Similar to dataset A, the discharge voltage curves in dataset B have non-uniform sampling lengths under different cycles and cannot be directly used as feature input. Therefore, following the method described in the previous section, suitable gentle curve segments are selected, and the mean curvature value is calculated to serve as a judgment threshold. This threshold is then used to compress the discharge voltage curves for each cycle using the drape limit algorithm. Figure 21 displays the compression results of the discharge voltage curves in the 1st cycle and the 61st cycle for battery number two among the cycle data.
After length normalization and similarity comparison, a feature sequence with a length of 50 is obtained. The model established in the previous section is then used for training and predicting. The prediction results are shown in Figure 22.
Based on Figure 22, it is evident that the CatBoost model outperforms the other models in the feature engineering approach proposed in this study for the two batteries in dataset B. In battery number one, the model has an MSE value of 0.2011 and an MAE value of 0.3761, with a goodness-of-fit of 0.9986. For battery number two, the model has an MSE value of 0.1031 and an MAE value of 0.2655, with a goodness-of-fit of 0.9997. These results demonstrate that the model can accurately predict SoH for the same battery.
In summary, the curve compression-based approach and the CatBoost prediction model proposed in this study both demonstrate good prediction accuracy in different datasets, indicating that the model established in this study exhibits strong generalization ability.

5.7. Model Robustness Verification

In order to evaluate the performance of the prediction model in real-world sampling environments, robustness experiments were conducted to test its resilience.
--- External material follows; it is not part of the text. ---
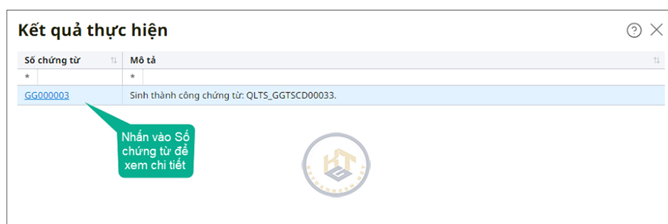 - Nhấn vào Số chứng từ để xem chi tiết chứng từ ghi giảm TSCĐ từ MISA QLTS hoặc nhấn Kết thúc để trở về màn hình danh sách chứng từ.

Gaussian White Noise (GWN) was added to the test set as an interference signal to observe the behavior of the model in the presence of noise with different Signal-to-Noise Ratios (SNRs). A GWN with varying noise ratios, ranging from 1% to 10%, was selected and converted to SNRs before being added to the test set to assess the model’s ability to resist interference. The prediction of Battery B0005 in dataset A and Battery number two in dataset B were taken as examples, and Figure 23 presents the prediction results obtained under different SNRs. This enabled us to evaluate the robustness and effectiveness of the prediction model under varying conditions, thereby confirming its ability to perform accurately even in the presence of noise and interference.
The performance of the curve compression-based approach and CatBoost model proposed in this study under noisy conditions is demonstrated in Figure 23. After the addition of interference signals, the predicted curves exhibit some fluctuations and deviations from the true path. However, for cell B0005 in dataset A, as shown in the local enlarged figures, RUL prediction errors are within two cycles, and the goodness-of-fit ( R 2 ) values are all above 0.95. When SNR is relatively high, especially at SNR = 40 dB, the model’s prediction is hardly affected, with an R 2 value of 0.9817. For cell two in dataset B, it still works well in the noisy environment with a good prediction curve fit. These results indicate that the prediction model proposed in this study has strong adaptability, anti-interference capabilities, and robustness.

6. Conclusions

To address the issue of low accuracy in SoH and RUL prediction arising from the difficulty in establishing feature engineering for lithium-ion batteries, this study proposes a SoH and RUL prediction model based on curve compression and CatBoost. Relevant experiments were conducted, leading to the following conclusions:
(1) The improved perpendicular distance threshold algorithm proposed in this study can capture battery aging information to the maximum extent. The improved threshold selection method does not require manual threshold setting, as the algorithm automatically determines the gentle curve segment based on the derivative and calculates the mean curvature value based on the deviation of this curve segment from the straight line, thereby exhibiting universality across different curves. Additionally, the length normalization method based on cubic spline interpolation and outlier detection can effectively standardize data length while retaining feature information.
(2) In the field of battery SoH estimation, the feature engineering and prediction model proposed in this study have demonstrated accurate prediction capabilities. In dataset A, the battery model exhibited an R 2 value higher than 0.98. In dataset B, the feature engineering and model established in this study also produced better prediction results, demonstrating the good generalization of the proposed method.
(3) The CatBoost model utilized in this study revealed significantly better prediction performance than other models. The R 2 is improved by 0.0228 and 0.0152 compared to the Random Forest algorithm and XGBoost, respectively.
(4) The curve compression-based approach and the CatBoost model proposed in this study were shown to be almost unaffected by the presence of noise in terms of prediction accuracy, indicating that the model exhibits strong anti-interference capability and robustness.

Author Contributions

Conceptualization, J.Y.; data curation, M.Z.; methodology, J.Y.; project administration, M.Z.; resources, M.Z. and J.Y.; validation, J.Y.; visualization, T.F.; writing—original draft, J.Y.; writing—review and editing, M.Z. and J.Y. All authors have read and agreed to the published version of the manuscript.

Funding

This research was funded by the Natural Science Foundation of the Higher Education Institute of Anhui Province (KJ2020A0309) and the National Natural Science Foundation of China (51874010).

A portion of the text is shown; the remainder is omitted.